Hiram Sandford Gilmore (July 22, 1819 - February 11, 1849) was a preacher who established a school for African Americans in Cincinnati, Ohio in 1844 and served as its principal. Gurdon R. Gilmore, a prominent Cincinnati banker, was his father. Phoebe Sandford Gilmore was his mother.

Gilmore was born in Pittsburgh. He studied at Yale, Wesleyan University in Connecticut until departing his junior year, and Lane Seminary. He was part of the Wesleyan Church and then a Unitarian. He served as business manager of The Herald, a free soil paper, before his death. Maria Gilmore was his wife.

Gilmore founded the Colored High School of Cincinnati in 1844. It provided educational opportunities for African Americans in Cincinnati and produced several notable alumni. It became known as Gilmore High School and attracted African American students from across the United States.

Gilmore penned a subscription letter to fundraise for a Cincinnati farmer who harbored a fugitive slave. Gilmore was an abolitionist.

Students from the school toured with Gilmore and their teachers performing concerts to raise money.
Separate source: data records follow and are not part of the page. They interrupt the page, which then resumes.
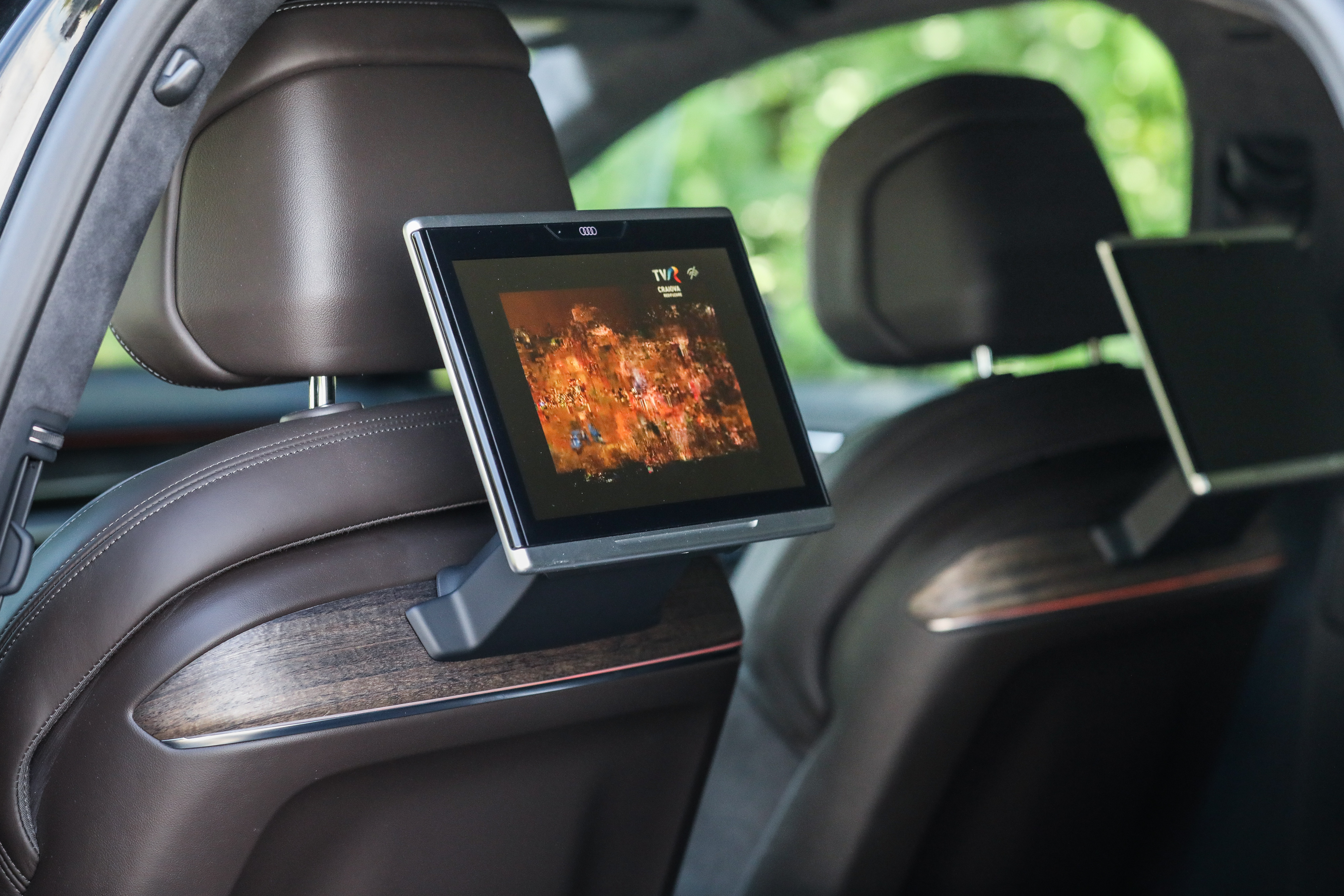 Sistemul Audi Rear Entertainment cu două tablete de 10 inchi prinse în spătarele scaunelor din faţă costă 3.500 de euro, iar ele oferă acces la sistemul de infotainment la maşinii, precum şi browser de internet şi funcţii TV. Al treilea controller pentru locurile din spate poartă numele Rear Seat Remote vine sub forma unei mini-tablete detaşabile de 5,7 inchi integrată în cotieră.
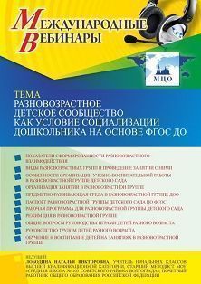 Международный вебинар «Разновозрастное детское сообщество как условие социализации дошкольника на основе ФГОС ДО»
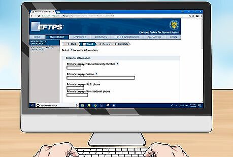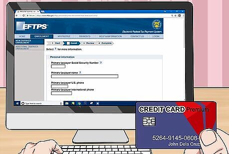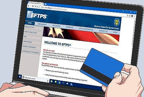 Set up an account on the Electronic Federal Tax Payment System (EFTPS). You can submit payments and deposits to the IRS electronically using the EFTPS system. This system only exists for making payments. You can't use it to calculate the payment you owe. It can take a few weeks to fully set up your account. You must apply with your employer identification number (EIN). The IRS will mail you a PIN you can use to complete the set up of your account. Once your account is set up, you can schedule regular payments ahead of the due dates so you don't incur any additional fees or penalties for late payments.
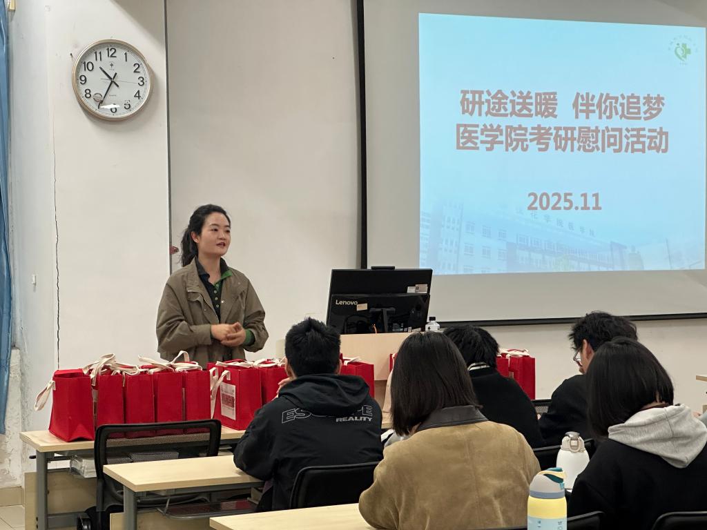 寒冬送暖传真情,研途鼓劲显担当。11月21日,基础医学院党委书记王鹃、副书记任娟带队,教师代表、学生科科长及毕业班辅导员组成慰问组,专程前往医院看望正在全力冲刺的2025届考研学子,以暖心关怀、务实举措为青春逐梦之路保驾护航。

Gilmore met with other communitarian sympathizers and was part of the Cincinnati Brotherhood. He and others purchased land to develop a utopian community but a flood in 1847 caused the collapse of a building being constructed and around 18 deaths. Devastated, Gilmore died two years later. A seance was conducted to communicate with him and receive guidance from him after his death.